Posted Jun 1, 2010 17:03 UTC (Tue) by avik (guest, #704) [Link] (2 responses)

It's possible to transition incrementally:

1. Pick a function
2. Modify its callers to expect exceptions from it (adding try/catch if necessary)
3. Convert it to throw exceptions instead of returning error codes
4. Modify it to expect exceptions from its callees (removing try/catch if necessary)
5. Repeat

If correctly applied, an entire code base can be converted with very little explicit try/catch blocks remaining.

GCC begins move to C++

Posted Jun 1, 2010 17:23 UTC (Tue) by dgm (subscriber, #49227) [Link] (1 responses)

It's certainly doable, but I would bet the cost is too high to make it worthy. I believe the GCC code base is above one million LOC. Assuming half include a function call, the task looks daunting.

GCC begins move to C++

Posted Jun 1, 2010 18:01 UTC (Tue) by avik (guest, #704) [Link]

I have successfully applied this technique to a code base that was about a quarter of that size (though considerably less gnarly). Whether it will be worth the effort or not is very subjective.

GCC begins move to C++

Posted Jun 2, 2010 11:13 UTC (Wed) by gowen (guest, #23914) [Link]

How about...

void f(void)
{
    T p;
    g(&p);
}

GCC begins move to C++

Posted Jun 2, 2010 18:01 UTC (Wed) by Cyberax (✭ supporter ✭, #52523) [Link] (3 responses)

This code will most probably SEGFAULT in C if allocation fails and malloc() returns NULL.

Is it better than a thrown exception?

You are right of course...

Posted Jun 3, 2010 21:07 UTC (Thu) by khim (subscriber, #9252) [Link]

This is exactly why you CAN'T write such code in gcc. malloc is forbidden there at include file level. Instead you'll use xmalloc - it can not ever return NULL, so there are no need to check the error code.

malloc() failure

Posted Jun 4, 2010 9:46 UTC (Fri) by jrn (subscriber, #64214) [Link] (1 responses)

On Linux, this is true but mostly irrelevant. Most systems overcommit (it is hard to find a saner thing to do if the user wants large programs to be able to fork() but does not provide the swap to back them) and malloc almost never fails.

malloc() failure

Posted Jun 7, 2010 9:47 UTC (Mon) by nye (subscriber, #51576) [Link]
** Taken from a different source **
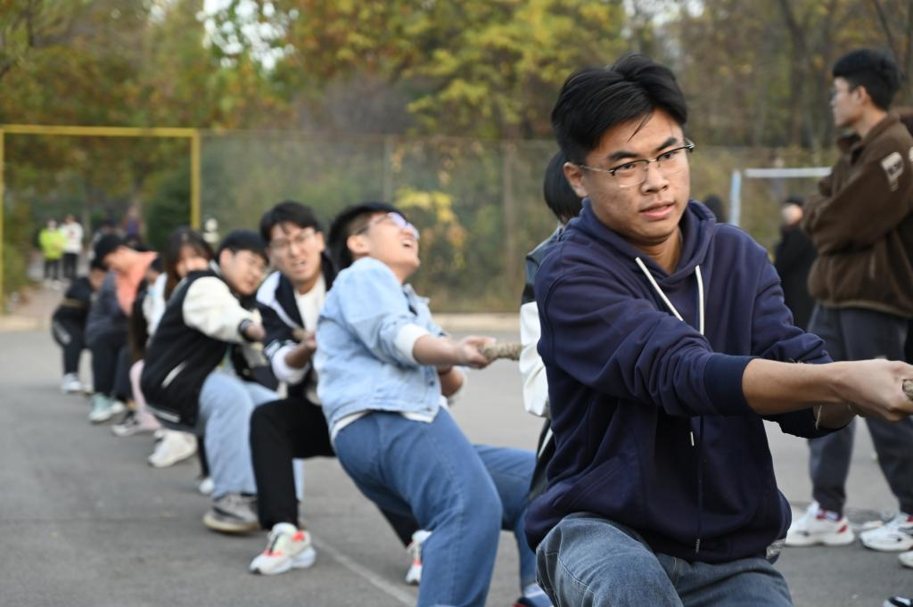 比赛打响,参赛选手紧握长绳,齐声高呼“一二,一二”,憋足力气拼命往后拉;场下啦啦队员为队员加油助威,呐喊声此起彼伏。一根小小的绳子在此刻凝聚了众人的力气,汇成一股强大的力量所向披靡。

There are other reasons malloc can fail beyond having no free memory. In zfs-fuse they recently had to add code to increase max_map_count dynamically because ZFS makes so many allocations that it could easily blow right past the default limit, causing memory allocation failures.

GCC begins move to C++

Posted Jun 3, 2010 5:44 UTC (Thu) by njs (subscriber, #40338) [Link] (1 responses)

That code is incorrect in C -- it fails to check g's return value for an error code. This may be (often is) a *much* more serious error than a leak.

You're assuming that g-written-in-C cannot fail, while g-written-in-C++ can, and then saying that that makes C better... which I guess is true given your assumptions, but if you have a method to write error-free code in C then you should share *that*, it'd be a much more compelling argument!

GCC begins move to C++

Posted Jun 3, 2010 16:41 UTC (Thu) by dgm (subscriber, #49227) [Link]

Why? Maybe I don't care if there is a problem with g, or I could do nothing sensible.

What I assume is that g-written-in-C cannot change the flow of control. That assumption doesn't hold in C++ with exceptions. That doesn't make C better, just different. Different enough, in fact, that converting C code straight to C++ is not that easy.

By the way:

@gowen: it's just an example.
@Cyberax: maybe g() can handle the NULL case gracefully, as it should if properly written.